## Task requirements
All that is needed is the lines from the one containing "校舎の脇にもたくさんの花が咲き始めています。" through the end of the listing, printed exactly, with no pictures among them.

## Supplied information
________
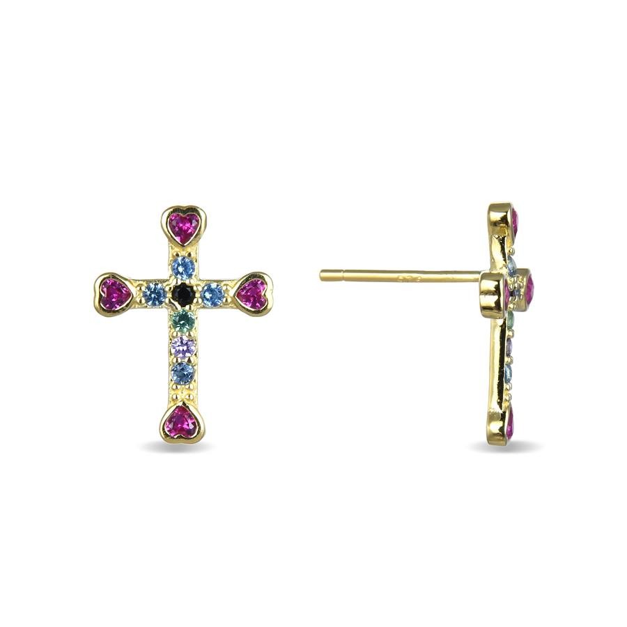 PENDIENTES LUXENTER EN PLATA DORADA CON CRUZ DE PIEDRAS RYSDAK
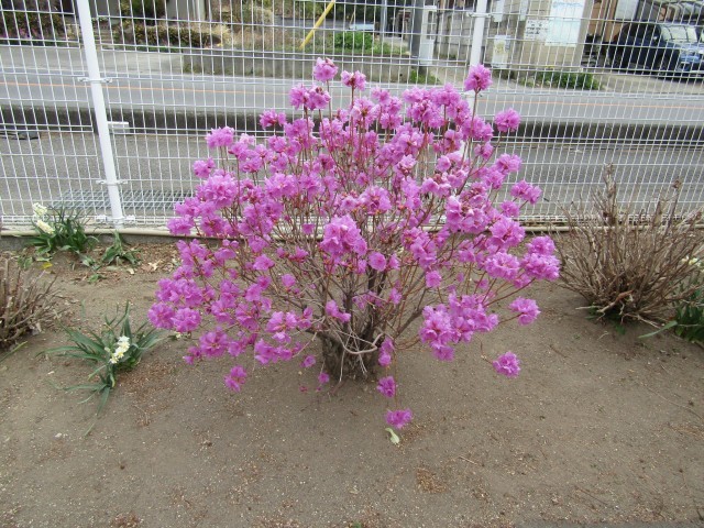 校舎の脇にもたくさんの花が咲き始めています。
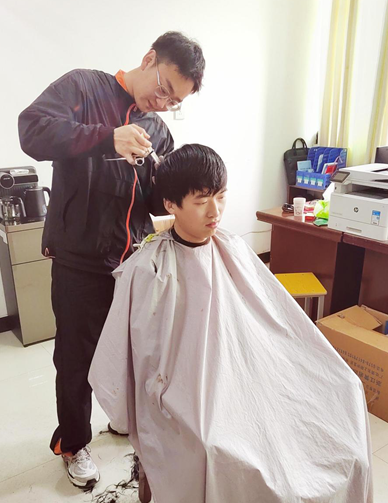 有需要理发的老师同学,需提前预约,测量体温,随理随走,不扎堆不聚集。他技艺娴熟,理得又快又好,每天的“顾客”络绎不绝。每次理发前后,他都会将理发工具进行清洁消毒,以防交叉感染。理发过程中对待同学们非常亲切,大家都称他为“最美理发师”。
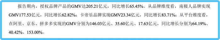 2019年,上海兰魅向南极电商缴纳品牌服务费为2210万元,以2019年品牌费率(品牌服务费收入/GMV)4.57%推算,这家公司线上GMV应达到4.8亿元;但该公司披露的2019年营收仅为1.77亿元。
________
## Answer box
 校舎の脇にもたくさんの花が咲き始めています。
 有需要理发的老师同学,需提前预约,测量体温,随理随走,不扎堆不聚集。他技艺娴熟,理得又快又好,每天的“顾客”络绎不绝。每次理发前后,他都会将理发工具进行清洁消毒,以防交叉感染。理发过程中对待同学们非常亲切,大家都称他为“最美理发师”。
 2019年,上海兰魅向南极电商缴纳品牌服务费为2210万元,以2019年品牌费率(品牌服务费收入/GMV)4.57%推算,这家公司线上GMV应达到4.8亿元;但该公司披露的2019年营收仅为1.77亿元。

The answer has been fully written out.